Source material:
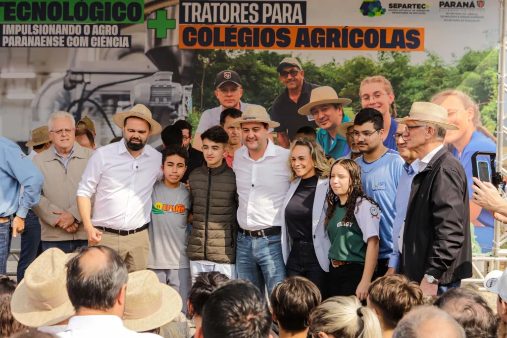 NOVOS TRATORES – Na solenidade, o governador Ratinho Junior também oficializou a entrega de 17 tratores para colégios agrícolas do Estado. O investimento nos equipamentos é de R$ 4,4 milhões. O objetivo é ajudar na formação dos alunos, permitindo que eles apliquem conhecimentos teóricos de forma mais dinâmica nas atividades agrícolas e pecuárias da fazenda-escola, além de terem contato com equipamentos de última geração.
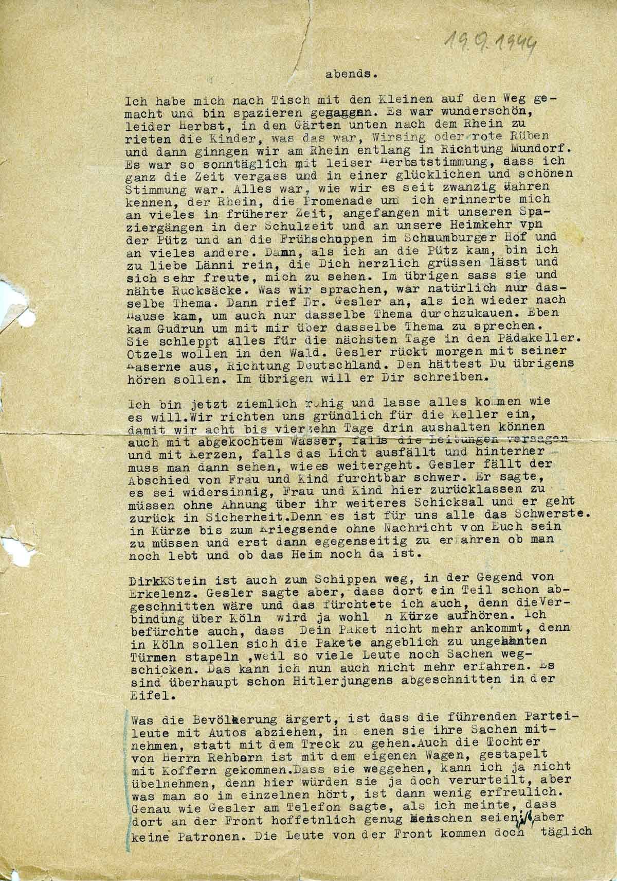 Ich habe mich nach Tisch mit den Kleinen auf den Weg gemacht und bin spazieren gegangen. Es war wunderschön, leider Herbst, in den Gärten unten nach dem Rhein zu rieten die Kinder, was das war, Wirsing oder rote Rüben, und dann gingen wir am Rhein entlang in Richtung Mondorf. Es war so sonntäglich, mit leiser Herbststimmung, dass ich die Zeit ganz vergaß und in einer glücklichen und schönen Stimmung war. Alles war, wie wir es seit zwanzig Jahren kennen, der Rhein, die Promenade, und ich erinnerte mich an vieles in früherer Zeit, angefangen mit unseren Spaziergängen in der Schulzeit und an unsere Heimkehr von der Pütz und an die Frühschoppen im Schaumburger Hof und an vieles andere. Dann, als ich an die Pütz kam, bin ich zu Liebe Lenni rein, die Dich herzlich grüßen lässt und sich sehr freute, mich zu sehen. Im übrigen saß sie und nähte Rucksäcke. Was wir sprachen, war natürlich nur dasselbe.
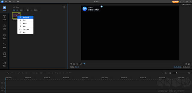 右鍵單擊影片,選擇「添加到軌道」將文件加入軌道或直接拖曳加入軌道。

* * *

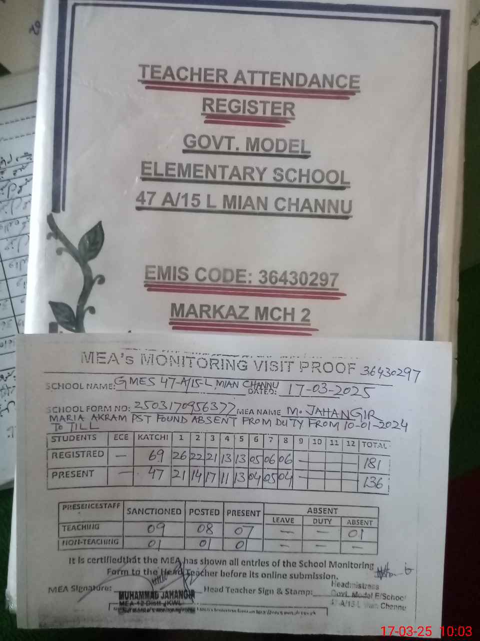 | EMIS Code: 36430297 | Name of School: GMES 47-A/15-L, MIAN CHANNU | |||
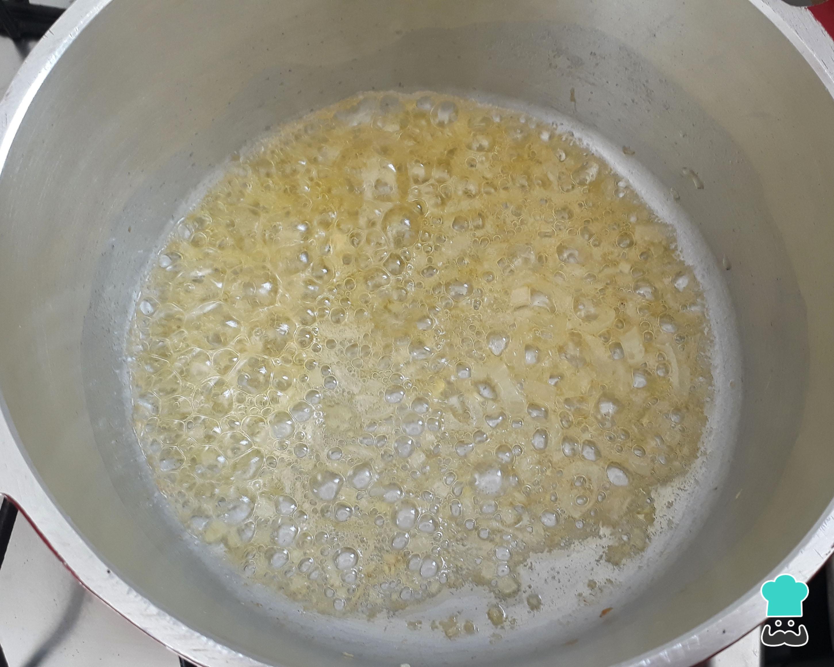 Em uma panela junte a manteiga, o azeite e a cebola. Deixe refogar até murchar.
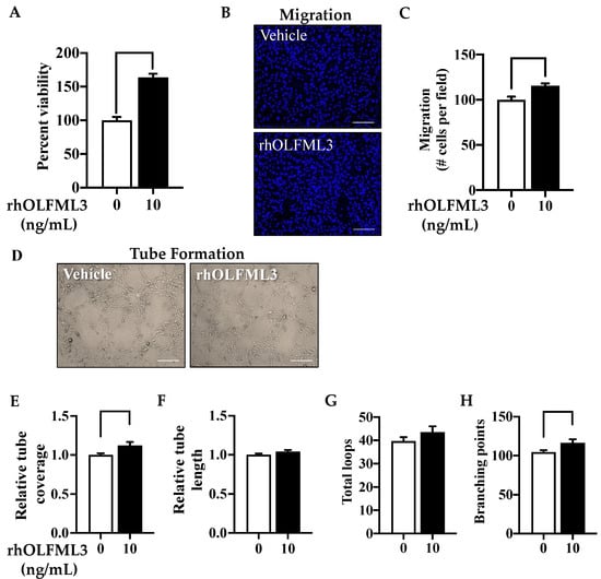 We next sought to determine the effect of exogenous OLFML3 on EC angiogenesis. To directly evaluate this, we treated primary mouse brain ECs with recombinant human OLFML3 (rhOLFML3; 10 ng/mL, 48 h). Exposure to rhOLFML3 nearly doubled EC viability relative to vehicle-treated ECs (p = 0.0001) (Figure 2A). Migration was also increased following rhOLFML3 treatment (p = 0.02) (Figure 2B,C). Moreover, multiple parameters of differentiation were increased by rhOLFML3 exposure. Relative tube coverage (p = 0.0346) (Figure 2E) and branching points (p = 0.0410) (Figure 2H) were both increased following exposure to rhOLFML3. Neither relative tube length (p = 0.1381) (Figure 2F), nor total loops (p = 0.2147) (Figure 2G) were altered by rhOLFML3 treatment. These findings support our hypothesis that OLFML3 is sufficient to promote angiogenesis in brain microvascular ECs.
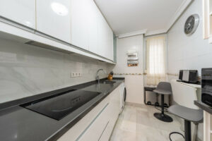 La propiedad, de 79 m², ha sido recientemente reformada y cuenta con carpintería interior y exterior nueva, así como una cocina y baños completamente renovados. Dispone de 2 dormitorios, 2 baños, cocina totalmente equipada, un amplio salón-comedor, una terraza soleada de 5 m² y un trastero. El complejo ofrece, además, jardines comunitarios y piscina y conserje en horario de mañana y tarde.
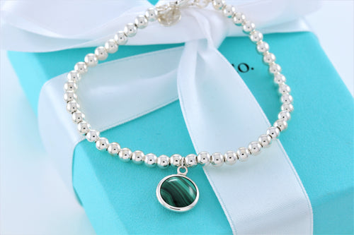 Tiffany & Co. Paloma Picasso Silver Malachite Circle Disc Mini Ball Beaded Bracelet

What you have to do: The answer is those lines of the material above that run from the one containing "Em uma panela" up to and including the one containing "We next sought", restated exactly and without images.

Solved problem:
 Em uma panela junte a manteiga, o azeite e a cebola. Deixe refogar até murchar.
 We next sought to determine the effect of exogenous OLFML3 on EC angiogenesis. To directly evaluate this, we treated primary mouse brain ECs with recombinant human OLFML3 (rhOLFML3; 10 ng/mL, 48 h). Exposure to rhOLFML3 nearly doubled EC viability relative to vehicle-treated ECs (p = 0.0001) (Figure 2A). Migration was also increased following rhOLFML3 treatment (p = 0.02) (Figure 2B,C). Moreover, multiple parameters of differentiation were increased by rhOLFML3 exposure. Relative tube coverage (p = 0.0346) (Figure 2E) and branching points (p = 0.0410) (Figure 2H) were both increased following exposure to rhOLFML3. Neither relative tube length (p = 0.1381) (Figure 2F), nor total loops (p = 0.2147) (Figure 2G) were altered by rhOLFML3 treatment. These findings support our hypothesis that OLFML3 is sufficient to promote angiogenesis in brain microvascular ECs.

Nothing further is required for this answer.